Now it’s our turn to hang off of him. He doesn’t handle the weight so well, and falls into a chair.

“Stanford was my only West Coast school,” says Q. “I just assumed.”

“You didn’t apply to Berkeley?”

Q shakes his head. “I just assumed.”

“What’s your second choice?”

Q shrugs and nudges a Fat on the pile. “Well, I guess I got into MIT, but.”

My eyes go flat. “You got into MIT.”

He shrugs at the envelope. It is most definitely a Fat. It’s the most Fat one there.

“You got into MIT,” I say.

“We’re gonna be so far away from each other,” he says.

Q, I decide, is the stupidest smart person I know.
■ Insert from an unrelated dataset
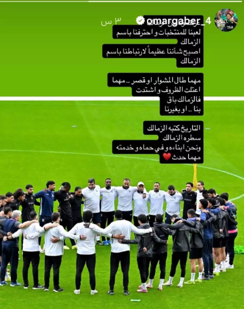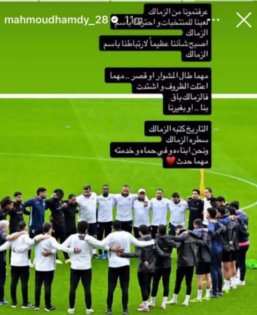 وجاءت مضمون الرسالة كالتالي: "عرفتمونا من الزمالك، لعبنا للمنتخبات واحترفنا باسم الزمالك، أصبح شأننا عظيما لارتباطنا باسم الزمالك، ومهما طال المشوار أو قصر، مهما.....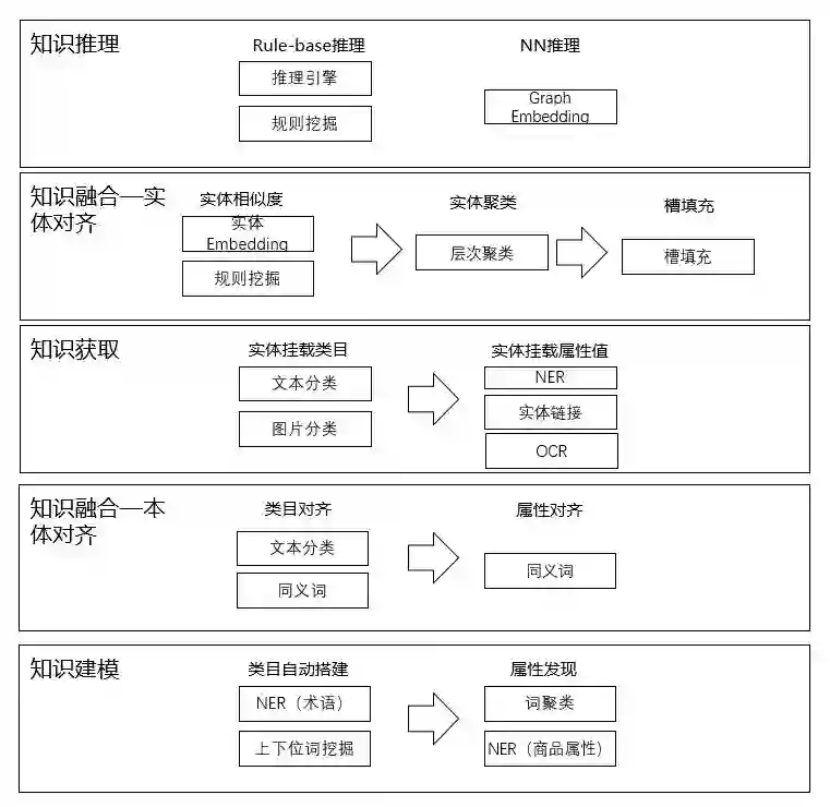 其中知识建模的任务是定义通用/特定领域知识描述的概念、事件、规则及其相互关系的知识表示方法,建立通用/特定领域知识图谱的概念模型;知识获取是对知识建模定义的知识要素进行实例化的获取过程,将非结构化数据结构化为图谱里的知识;而知识融合是对异构和碎片化知识进行语义集成的过程,通过发现碎片化以及异构知识之间的关联,获得更完整的知识描述和知识之间的关联关系,实现知识互补和融合;知识推理是根据知识图谱提供知识计算和推理模型,发现知识图谱中的相关知识和隐含知识的过程。知识服务则是通过构建好的知识图谱提供以知识为核心的知识智能服务,提升应用系统的智能化服务能力。

I take the envelope, hold it by two corners, and give it a generous backswing.

“Don’t,” says Joy.

“I have to do this,” I say, and score a clean hit to Q’s temple.

“You got into MIT,” I say, hitting Q over and over again. “You got into MIT. You got into MIT.”

“I guess that’s something to be proud of, huh,” says Q finally.

There’s a pitter-patter of applause coming from behind the counter as the glamorous baristas clap their finely boned hands together.

“You kids are, like, smart,” says the male barista.

“Jyeah,” says the female barista through her chewing gum.

Me, Joy, and Q huddle in close for a group forehead hug.

“We did it,” I say. “I’m happy and sad at the same time.”

“Sappy,” says Q.

“Had,” says Joy.

•   •   •

When I get home, I flop the Stanford Fat onto the kitchen counter. Mom smiles like
I knew it.
Of course Mom knew. She’s the one who’s been dutifully packing the Bag of Holding in the first place. She takes the Thin from Harvard and simply rips it in half and smiles.